WEDNESBURY PRINCIPLE OF REASONABLENESS

(BY ADVOCATE MILI VERMA FROM THE LAW OFFICE OF LILY THOMAS AND SAJU JAKOB)

Wednesbury Principle also known as the principle of reasonableness draws its origin from the Associated Provincial Picture Houses Ltd v Wednesbury Corporation (1948) 1 KB 223 a case before the United Kingdom Court of Appeal, it was held “that if the decision of competent matter is so unreasonable that no reasonable authority could ever come to it, then the courts can interfere.” The Wednesbury Principle refers to a standard of unreasonableness used in assessing the application for judicial review of a public authority’s decision.

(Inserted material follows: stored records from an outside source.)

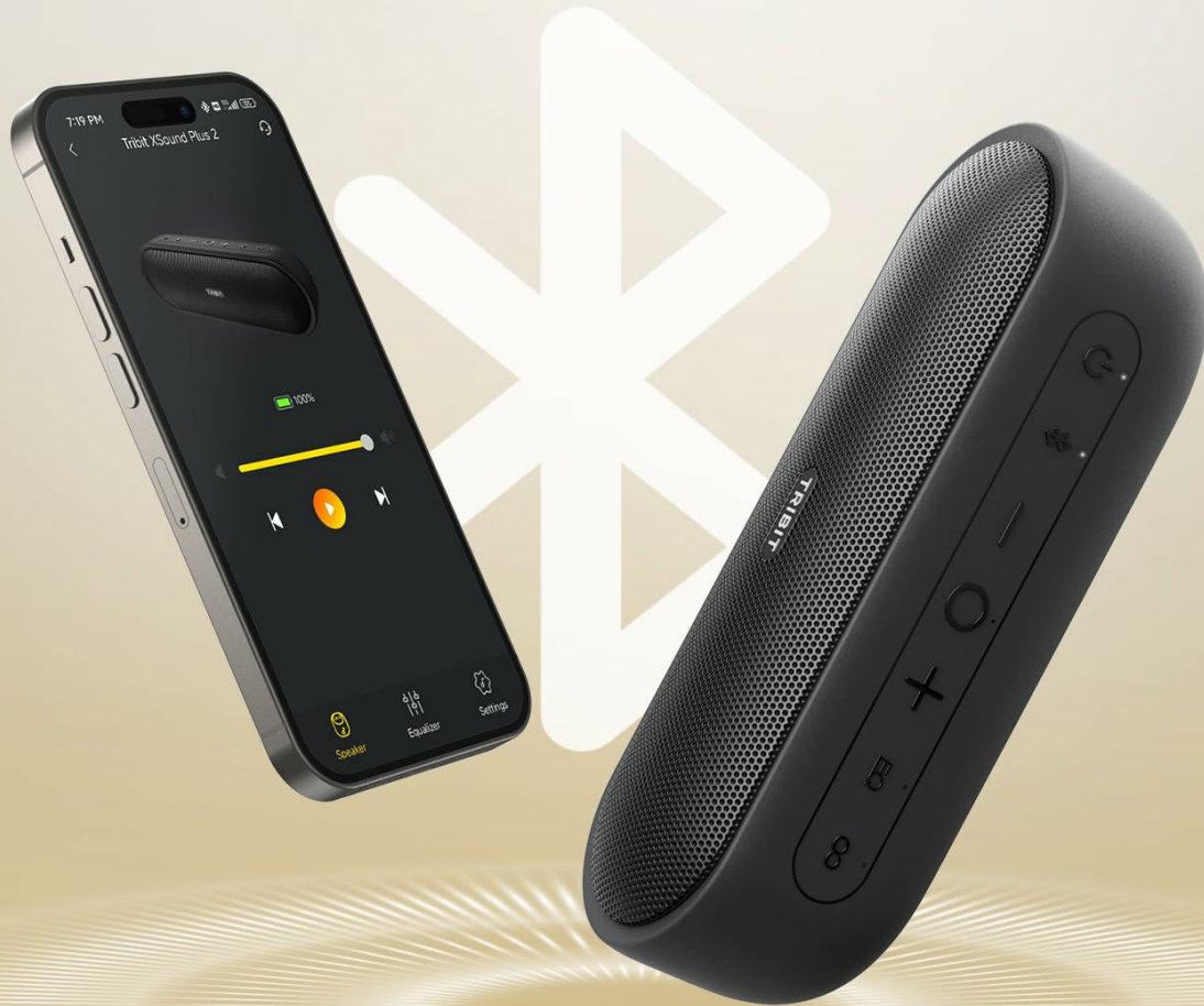
Tribit XSound Plus 2 speaker connecting via Bluetooth 5.3.

Your browser does not support the video tag.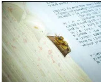
Bed bugs hiding in the tab of a dictionary.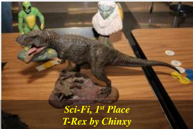
Sci-Fi, 1 st Place T-Rex by Chinxy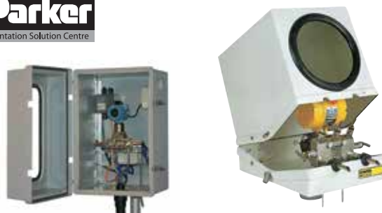
Sun Shades & Enclosures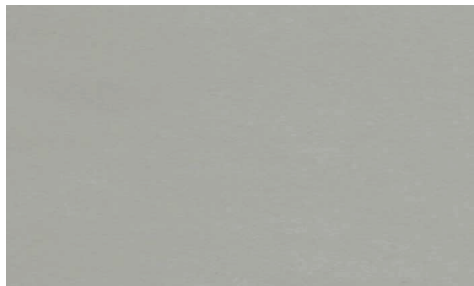
PG - PEARL GREY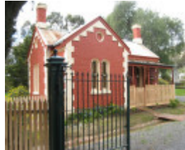
maldon Cemetery Oct 2010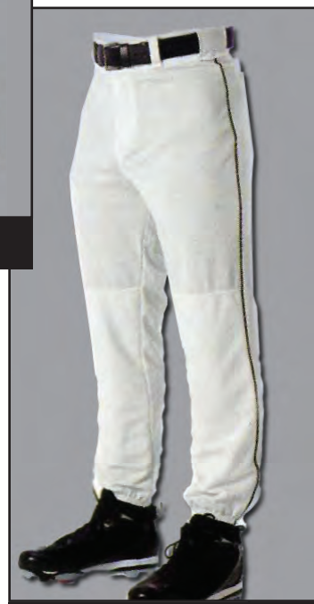
PANT* COLOR: WHITE OR GREY YOUTH SIZES: S-XL ADULT SIZES: S-XXL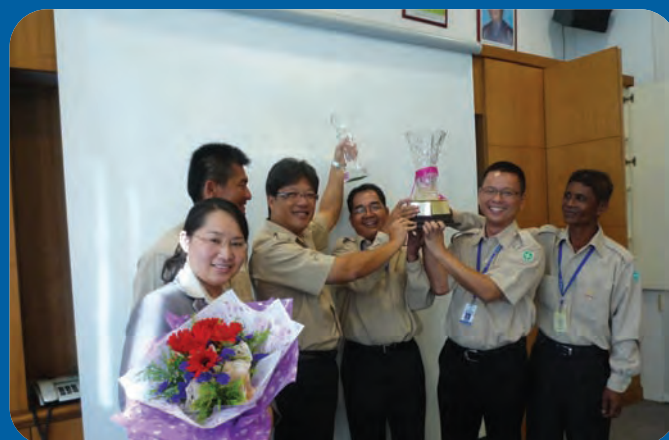
The winning team from Kota Kinabalu, Sabah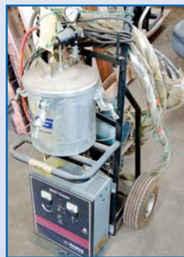
BINKS ELECTROSTATIC PAINT SPRAY SYSTEM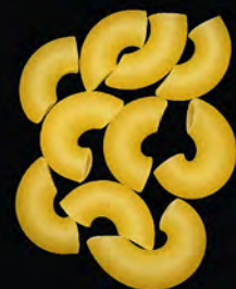
CHIFFARI LISCI No. 183 (normal / 6-8 min) No. 183 (quick / 2-3 min)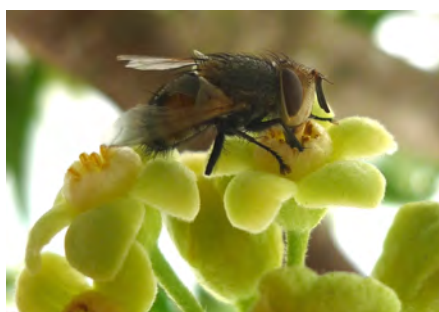
Pollinator: Calliphoridae Fly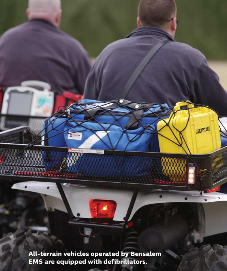
All-terrain vehicles operated by Bensalem EMS are equipped with defibrillators.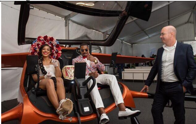
The AIR ONE aircraft by Israeli startup AIR is shown at the Kentucky Derby, May 2022.

With AIR, the founders set out to “make a true difference by making the freedom of flight truly accessible to people,” according to Plaut.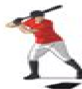
Location Soft Toss 5 minutes

Repeat, this time taking a full swing through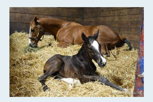
Grecian Maiden filly by Divining Rod, foaled 1/22; owned by CLF/Grecian Maiden II LLC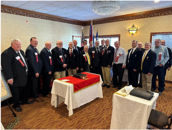
The Department of New York officers for the next term.

The 140 th Encampment of the Department of New York-May 5-7 in Callicoon.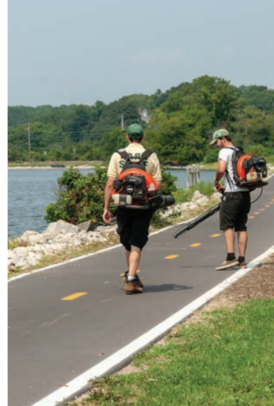
Parks staff performing maintenance work on the East Bay Bike Path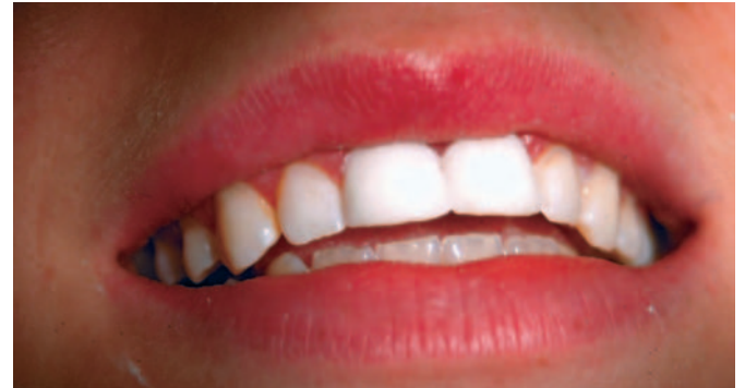
Fig. 6: After it is cured, the temporary veneer is trimmed and polished – here is the result. We have never obtained this result so simply and fast with any other material...

A quite important point: smartprotect® does not change the fitting accuracy of the preparations at all – the product does not form a film!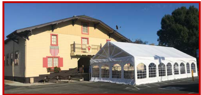
Swiss Park Hall with Outdoor dining tent

7. Tickets, unknown date, Refreshments 10 cents; Refreshments 30cents - Patrons paid for drinks with tickets at the dances. There was also a "uniformed guard" at the dances.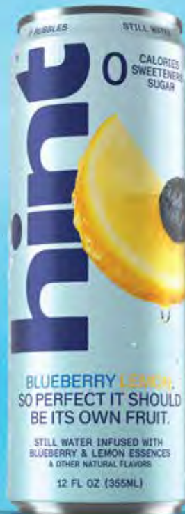
BLUEBERRY LEMON 12OZ STILL CAN: HNT02228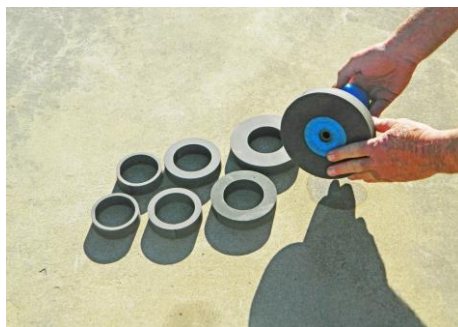
Slide the float ring over the cylindrical float

The following table shows the irrigation frequency for various float rings. The irrigation frequency is determined by the net evaporation from the evaporator between irrigation events.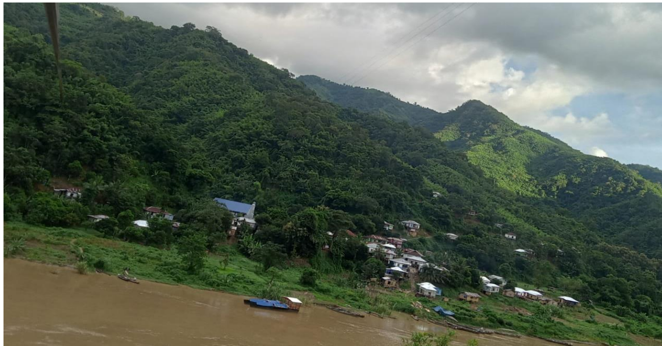
Village of Vartekkai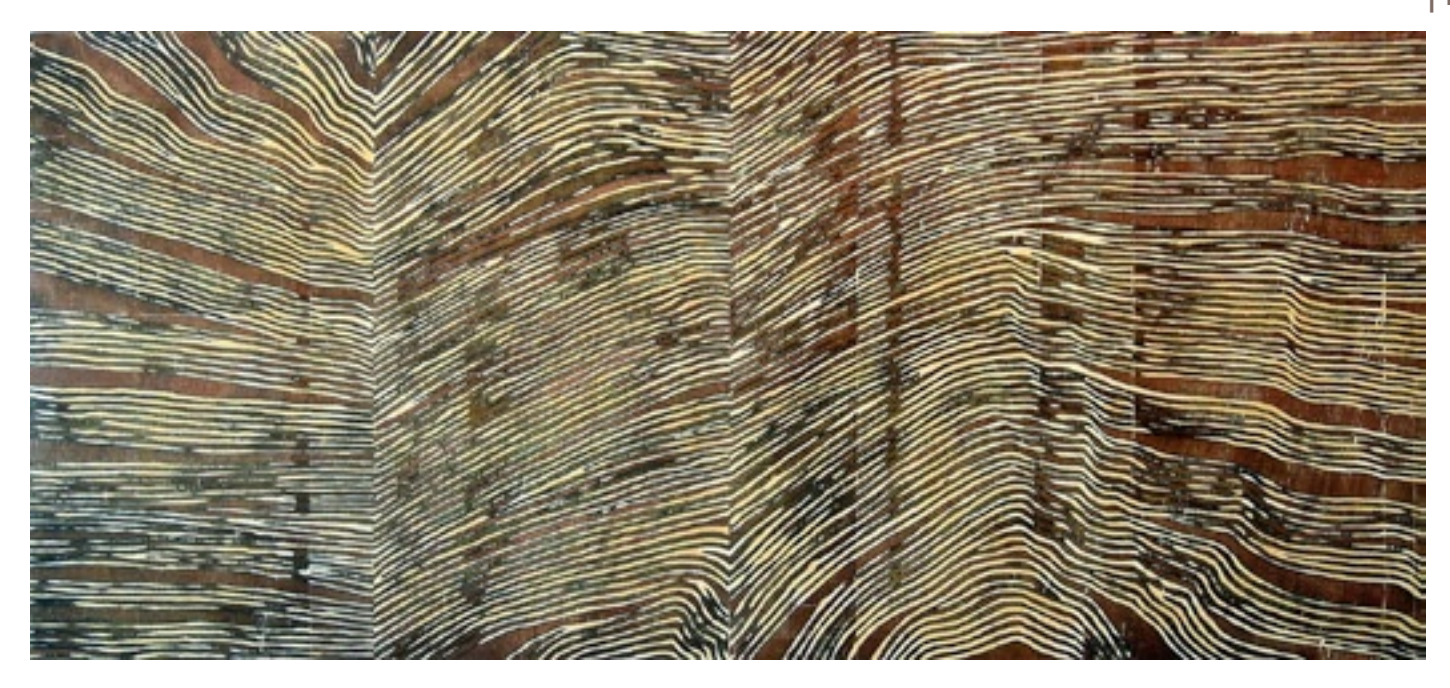
#17 Fulham Hill Mixed media on Luanne 91 x 200 cm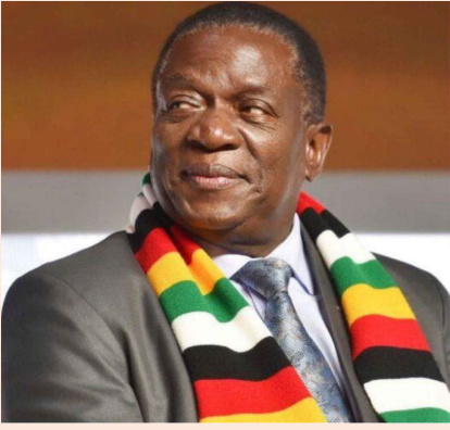
Emmerson D. Mnangagwa - ZANU PF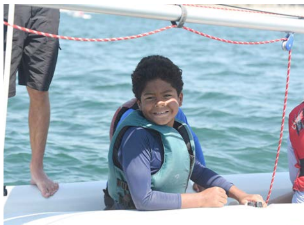
All of the campers want to come back next year!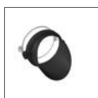
Accessory-holder (white) + wall washer screen (black) M083017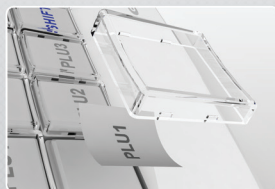
Fully programmable keyboard with replaceable key descriptions.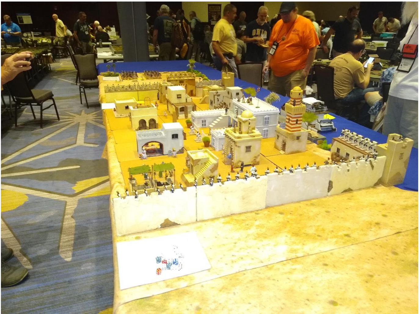
Walled town at Historicon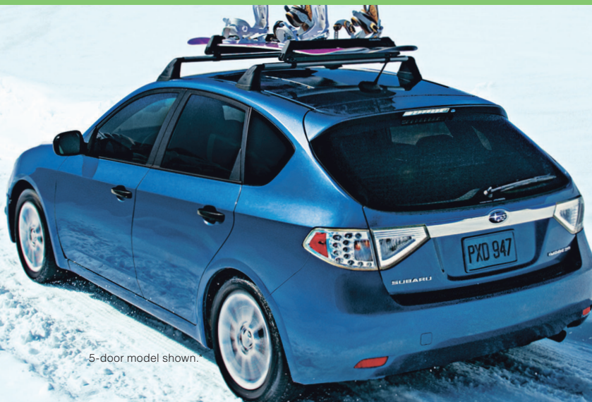
5-door model shown.

Automobile Journalists Association of Canada Association des Journalistes Automobiles du Canada Best New Canadian Utility Car of the Year: 2010 Outback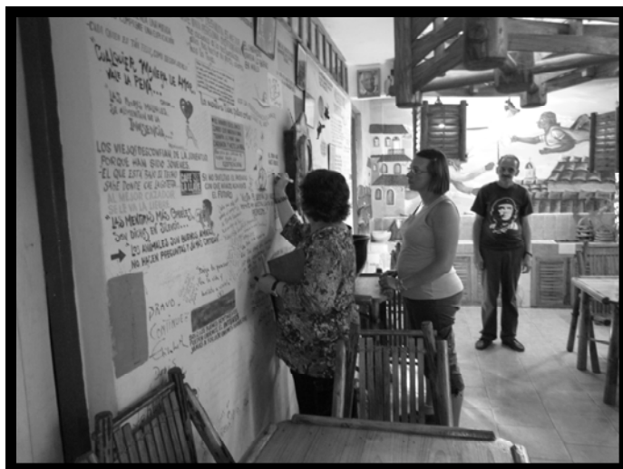
West Virginia teachers signing the friendship wall at the children's center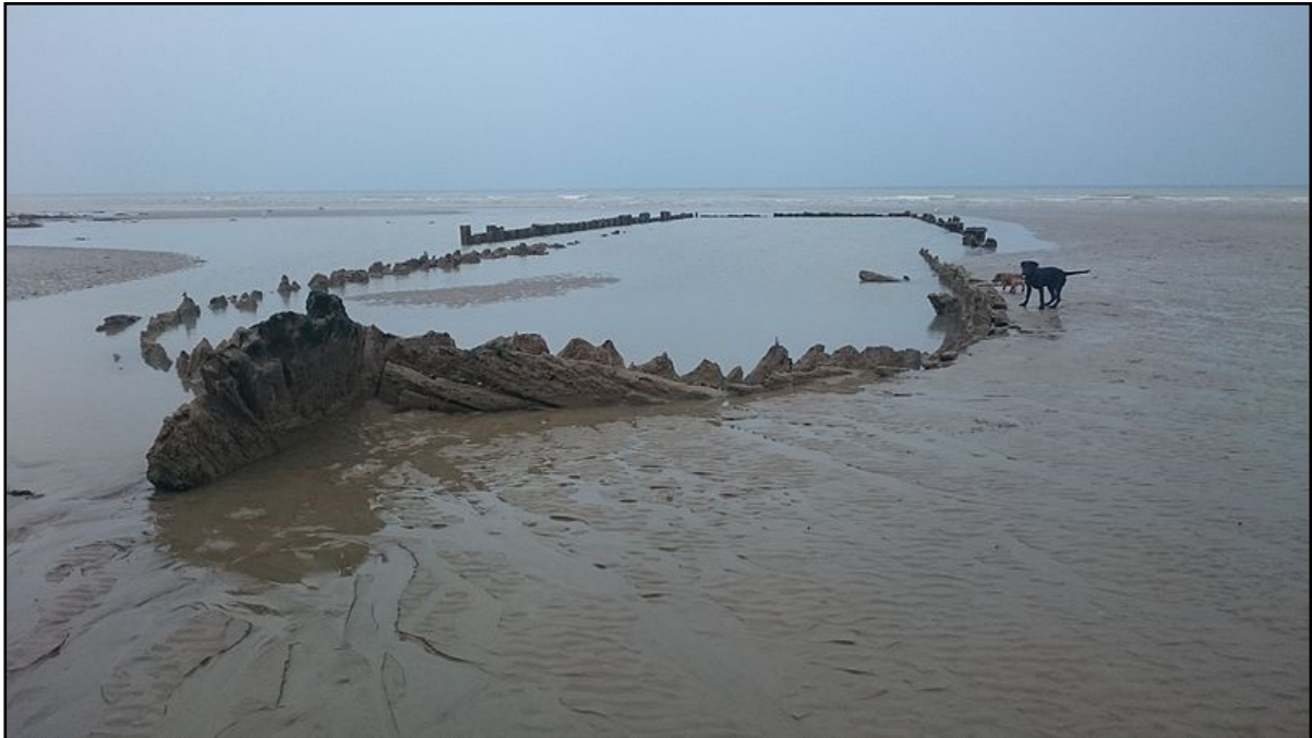
Figure 2. Wreck of the 'VOC Amsterdam', East Sussex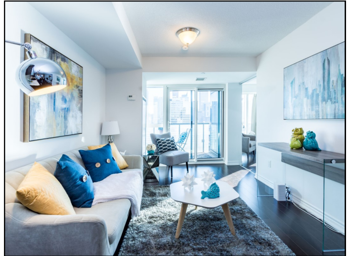
Open Concept Living room includes wood floors and walk-out south-facing open balcony.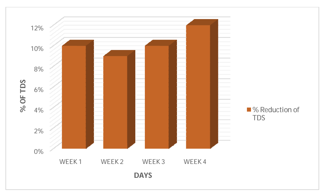
Figure2. Percentage Reduction of TDS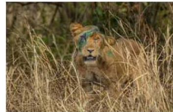
greatest threat to African lions nationalgeographic.com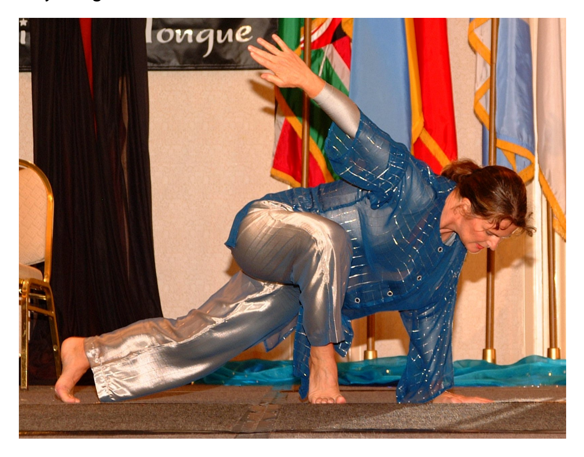
Photograph 1: Preferring: Debbie Bright

The first feature of the lived experience of a creative individual is that she/he often has a preference for a particular genre, style or area of expertise. Indeed, skills and preferences can be specific to a particular domain within a wider field. Thus, one Māori weaver may prefer to work with very fine threads and a particular range of colours, while another may prefer to use less traditional approaches to finish and neatness. One dancer may prefer to work within the genre of contemporary dance while another may prefer ballet or hip-hop. A creative individual may even have a preference within a particular style or genre. For instance, a dance-maker may prefer to work with live music, or without any music, using shapes and motion from nature or in the style of a particular historical genre. A dance-maker may also prefer to draw material from her/his immersion in spiritual, cultural or ecological worlds; she/he may wish to communicate these concerns in order to bring about political or attitude changes, enrich audience members, or influence atmosphere, mood or spiritual climate.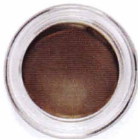
Laura Mercier Brow Definer. If your hair is fine, a gel-cream like this adds thickness.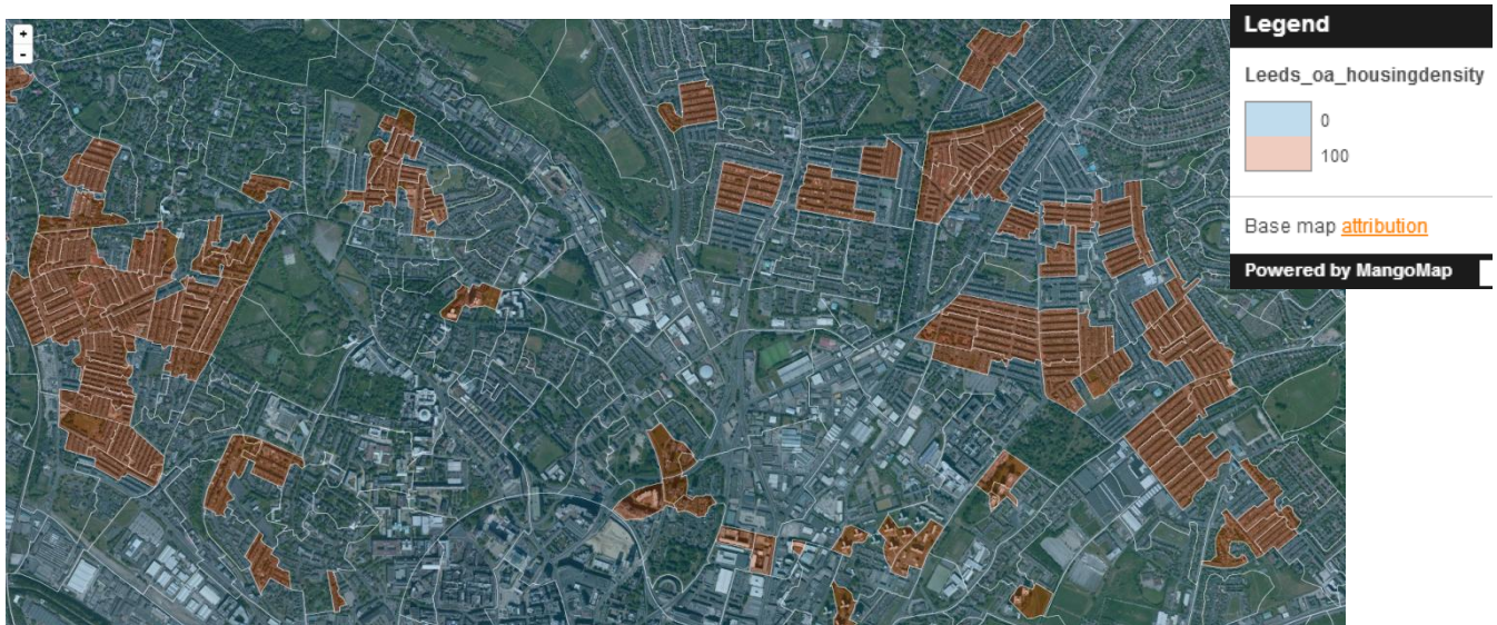
Fig. 2: Map showing census output areas with housing densities in the top ten percentile for Leeds, UK.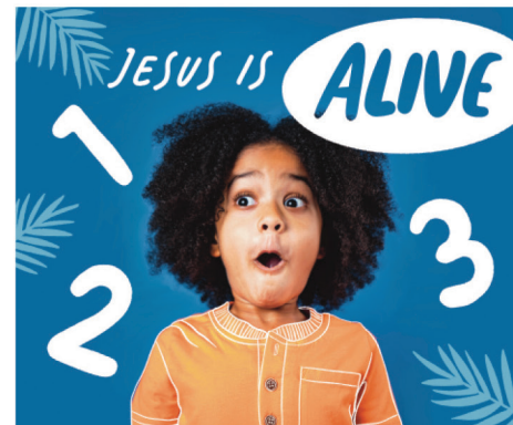
APRIL | WHAT JESUS DID, MEANS HE CAN BE YOUR FRIEND FOREVER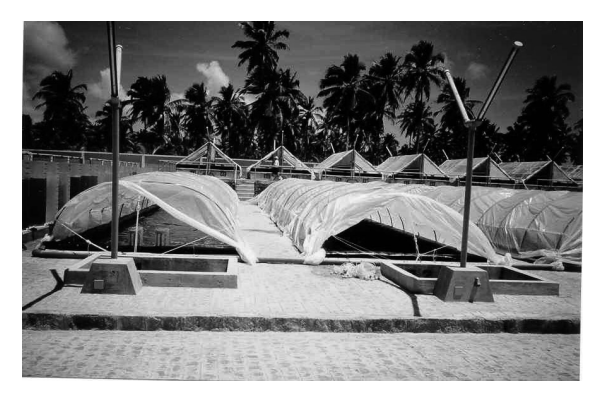
Fig. 19.8 Outdoor tanks for larval culture in a hatchery in Brazil.

Larval development from egg to PL is complex and involves three stages: nauplius, zoea and mysis.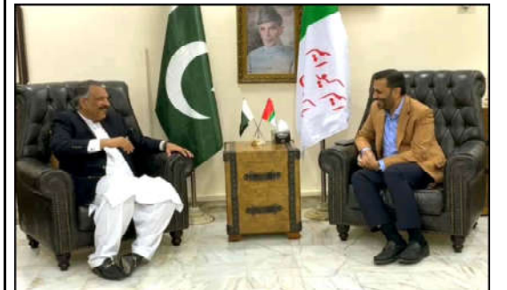
KARACHI: Muttahida Qaumi Movement (MQM-P) Senior Deputy Convener, Mustafa Kamal exchanging views with Ijaz-ul-Haq, Chief of Qaumi Yakehti Ittehad during meeting held at Pakistan House in Karachi.

Wednesbury Rule of arbitrariness and unreasonableness are often interpreted by the courts in a manner that when the “Court finds that the punishment imposed by the disciplinary authority is shockingly disproportionate to the gravity of misconduct established against the delinquent employee. “Lord Diplock in Civil Services Union v. Minister of Civil Service remarked that a decision will be struck down based on Wednesbury principles when so” outrageous in its defiance of logic or of accepted moral standards that no sensible person who had applied his mind to the question to be decided could have arrived at it.

The doctrine of proportionality though derives its roots from the Wednesbury Principle still is divergent from and a step ahead of the Wednesbury Principle.

Sir John Laws has described ‘proportionality’ as a principle where the court is concerned with the way in which the decision maker has ordered his priority.

The doctrine of Proportionality perpetrates that there must be a reasonable nexus between the desired result and the measures taken to reach that goal. The action taken must not be shockingly disproportionate to the consciousness of the court and the said action can then be challenged by way of judicial review.